Even if randomness is introduced to the learning in the simulation environment, the real robot may reach an inexperienced state, provided that it uses the policy learned in the simulation environment. In this study, we used the policy acquired by adding randomness to learning in the simulation environment, such as randomizing the initial position, and conducted transfer learning in the real environment. Accordingly, the behavioral trajectories shown in from Figs. 12(a)-(c) and Fig. 10 indicate that learning progressed smoothly up to 20 episodes of transfer learning, with the highest success rate at the 20th episode. We believe that the reason for this improved success rate is that transfer learning reduced the number of inexperienced states that could not be considered in the simulation environment. In contrast, the observation of the entire behavioral trajectory shown in Figs. 12(a)-(f) and  Fig. 10 suggested that learning stuck after the 20th episode of transfer learning and may start to find a shorter path. Figure 11 indicates that the number of learned positions increases linearly. However, the transition in success rate shown in Fig. 10 is not monotonic, as increasing the number of learned positions.

5 Conclusion

To develop a working robot in warehouses by adopting reinforcement learning, it is necessary to reduce the environmental error between the simulation environment and the real environment. This paper proposed a method of sim-to-real transfer learning to close gaps between simulation and real environments. In this study, we verified the accuracy of the real robot control by learning with more randomness in the simulation environment and then compared the path finding performance between different number of episodes of transfer learning in the real environment. Accordingly, the accuracy of behavioral control of the real robot was greatly improved by transfer learning compared to the case without transfer learning, and the difference in the success rate of reaching the goal was verified depending on the number of episodes of transfer learning. However, because the experiments in this study have only verified the effectiveness of transfer learning in one environment, it is necessary to verify the effectiveness of transfer learning in more complex environments in the future.

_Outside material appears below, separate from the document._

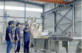 好機樂秉承讓食品生產更簡單更安全的初心和使命,堅持科技創新,持續在技術研發方面加大投入,公司擁有自主技術研發中心,碩士學歷以上員工占比80%以上。好機樂公司和河南理工大學、鄭州輕工業大學等高校建立了產學研戰略合作關系,年技術研發費用投入數百萬元。8000平食品機械定制車間位于鄭州市中牟產業園,引進了光纖激光切割機、數控折彎機、不銹鋼精拋機等專業食品機械加工設備。生產管理上公司嚴格執行ISO質量管理體系標準,同時按照6D和6S管理體系要求,持續改進產品質量,始終如一地踐行“讓食品生產更簡單更安全”。 從研發設計、生產制造到售后服務,全程為客戶提供放心的產品和服務。公司當前產品涵蓋清洗設備、油炸設備、烘烤設備、攪拌均質設備、冷卻脫水設備、輸送提升設備等六大系列80多個型號,產品應用于果蔬加工、堅果加工、面點加工、醬鹵休閑食品加工等領域。 為各類食品工業企業提供個性化定制服務是好機樂食品機械的一大突出能力和優勢,好機樂根據不同客戶客戶需求提供專業化的系統設計和定制設備。為客戶提供果蔬清洗(速凍)加工線、凍品解凍生產線、容器清洗線、油炸食品生產線、烘烤生產線、花生醬加工生產線等專業解決方案和可靠的設備。 民以食為天,食以安為先。放眼未來,好機樂食品機械將專注于持續提升技術、產品、服務三大核心競爭力,努力成為食品工業領域備受信賴的品牌。

In this study, the simulator environment did not model any type of noise in the real environment, such as friction and sensor noise. To address this problem in the future, we will focus on introducing this type of noise to the state and control values in the learning in the simulation environment to consider the environmental error between the real and simulation environments, as well as focus on sophisticated inter-task mapping \(\chi _{x}(x)\) (see Eq. 3).